* DESCRIPTION OF THE TASK
Reproduce each entry exactly as it reads. Leave the images out.

Collection entries:
○ ○ ○ ○ ○
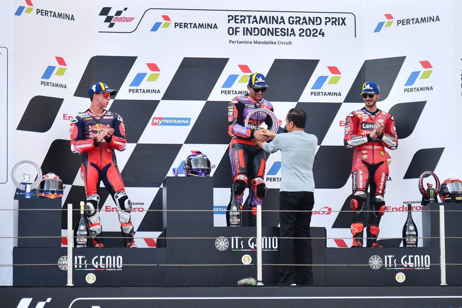 Sementara itu, Menteri BUMN Erick Thohir menyerahkan trofi kepada Pedro Acosta yang meraih posisi kedua. Sedangkan Menteri Pemuda dan Olahraga Dito Ariotedjo menyerahkan trofi kepada Francesco Bagnaia yang meraih posisi ketiga.
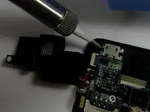 С использованием паяльника и пары плоскогубцев расплавьте четыре припойных соединения вокруг зарядного порта.
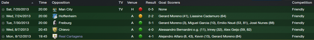 We opened up with a hard loss to Premier League giants Manchester City, which is expected. Striker Sergio Aguero scored four goals for Manchester City, so it was a pretty bad game. Next we took on Hoffenheim, and we fell down quick 2 - nil. However, Gerard Moreno scored a header to get us within reach and then Liassine Cadamuro scored a brilliant free kick to tie it up.
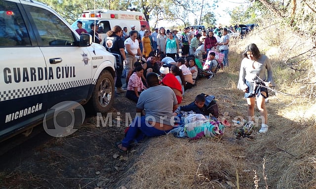 El accidente se registró la tarde de este domingo, cuando el conductor de un autobús de la línea Occidente, con placas 113718HR, salió del municipio de Carácuaro, donde los feligreses visitaron al milagroso Cristo Negro.
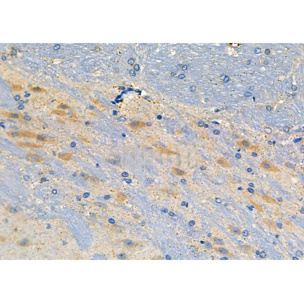 ab17773 at 1/100 staining Rat brain tissue by IHC-P. The sample was formaldehyde fixed and a heat mediated antigen retrieval step in citrate buffer was performed. The sample was then blocked and incubated with the primary antibody at 4°C overnight. An HRP conjugated anti-Rabbit antibody was used as the secondary antibody....
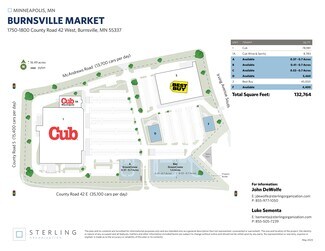 Burnsville Market is a grocery-anchored retail site located approximately 15 miles south of downtown Minneapolis in Burnsville, MN. The property is anchored by Cub, Cub Wine & Spirits and Best Buy. The site has excellent visibility from County Road 42 W in the heart of the retail corridor within the Burnsville Center regional trade area. Over 73,000 people live within a 3-mile radius where the average household income is over 123,000.
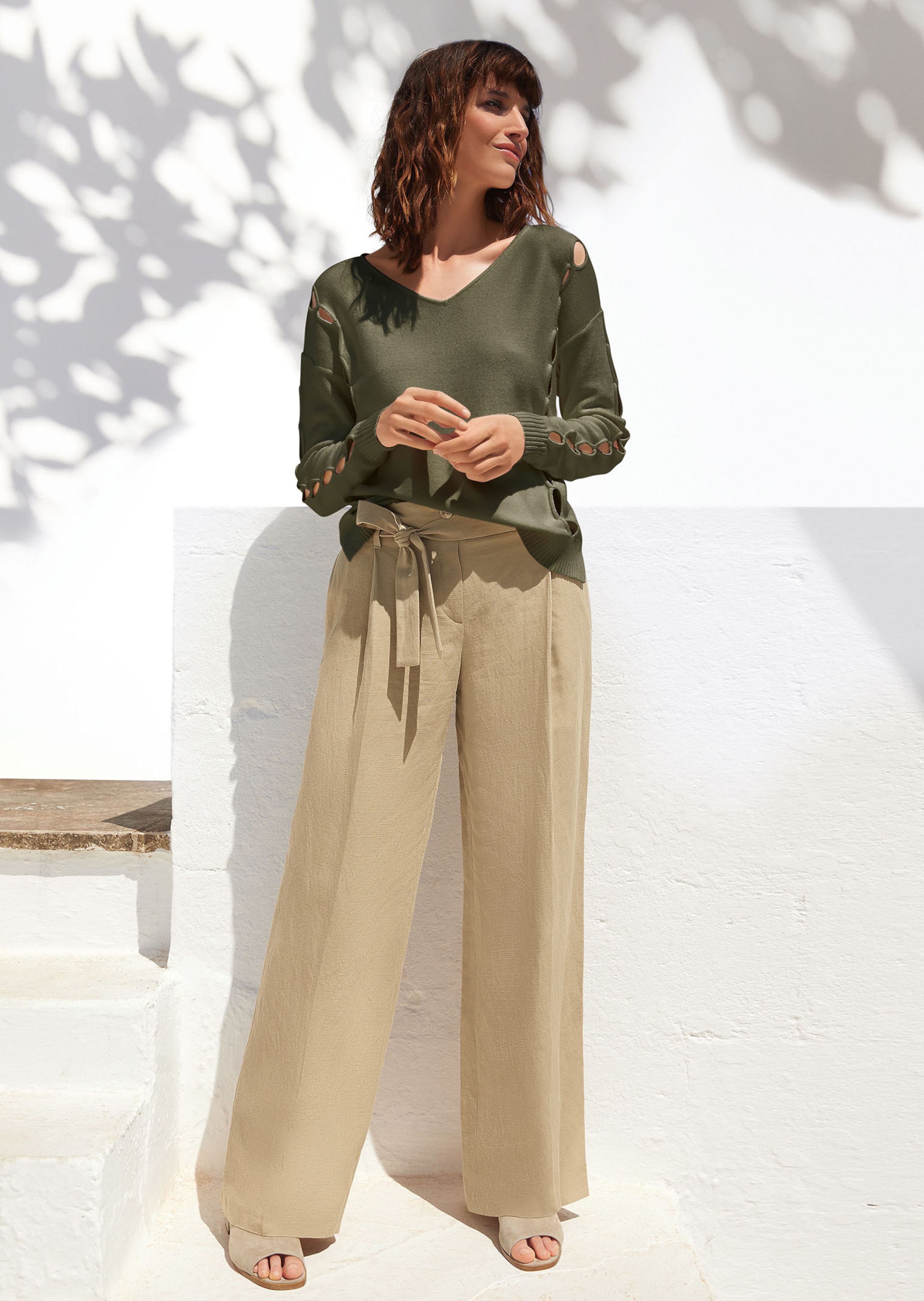 Cut-outs zählen nach wie vor als Must-have und verleihen den aktuellen Maschen-Styles ihren ganz besonderen Reiz. Dieser Pullover lässt an den Seitenpartien und Ärmeln auf raffinierte Weise die Haut durchblitzen. Der Glattstrick ist wertvoll im Griff und wohltuend auf der Haut. Die legere Form kann vielseitig kombiniert werden – ganz gleich, ob lässig, betont modern oder zu eleganten Anlässen. Mit diesem Pullover liegen Sie immer richtig! Die kofferfreundliche Garnmischung ist ideal für die Reisegarderobe und mit breitem V-Ausschnitt, langen Ärmeln, lässigen Seitenschlitzen und formstabilen Rippenabschlüssen ausgestattet.
○ ○ ○ ○ ○
* RESULT OF THIS EXERCISE
 Sementara itu, Menteri BUMN Erick Thohir menyerahkan trofi kepada Pedro Acosta yang meraih posisi kedua. Sedangkan Menteri Pemuda dan Olahraga Dito Ariotedjo menyerahkan trofi kepada Francesco Bagnaia yang meraih posisi ketiga.
 С использованием паяльника и пары плоскогубцев расплавьте четыре припойных соединения вокруг зарядного порта.
 We opened up with a hard loss to Premier League giants Manchester City, which is expected. Striker Sergio Aguero scored four goals for Manchester City, so it was a pretty bad game. Next we took on Hoffenheim, and we fell down quick 2 - nil. However, Gerard Moreno scored a header to get us within reach and then Liassine Cadamuro scored a brilliant free kick to tie it up.
 El accidente se registró la tarde de este domingo, cuando el conductor de un autobús de la línea Occidente, con placas 113718HR, salió del municipio de Carácuaro, donde los feligreses visitaron al milagroso Cristo Negro.
 ab17773 at 1/100 staining Rat brain tissue by IHC-P. The sample was formaldehyde fixed and a heat mediated antigen retrieval step in citrate buffer was performed. The sample was then blocked and incubated with the primary antibody at 4°C overnight. An HRP conjugated anti-Rabbit antibody was used as the secondary antibody....
 Burnsville Market is a grocery-anchored retail site located approximately 15 miles south of downtown Minneapolis in Burnsville, MN. The property is anchored by Cub, Cub Wine & Spirits and Best Buy. The site has excellent visibility from County Road 42 W in the heart of the retail corridor within the Burnsville Center regional trade area. Over 73,000 people live within a 3-mile radius where the average household income is over 123,000.
 Cut-outs zählen nach wie vor als Must-have und verleihen den aktuellen Maschen-Styles ihren ganz besonderen Reiz. Dieser Pullover lässt an den Seitenpartien und Ärmeln auf raffinierte Weise die Haut durchblitzen. Der Glattstrick ist wertvoll im Griff und wohltuend auf der Haut. Die legere Form kann vielseitig kombiniert werden – ganz gleich, ob lässig, betont modern oder zu eleganten Anlässen. Mit diesem Pullover liegen Sie immer richtig! Die kofferfreundliche Garnmischung ist ideal für die Reisegarderobe und mit breitem V-Ausschnitt, langen Ärmeln, lässigen Seitenschlitzen und formstabilen Rippenabschlüssen ausgestattet.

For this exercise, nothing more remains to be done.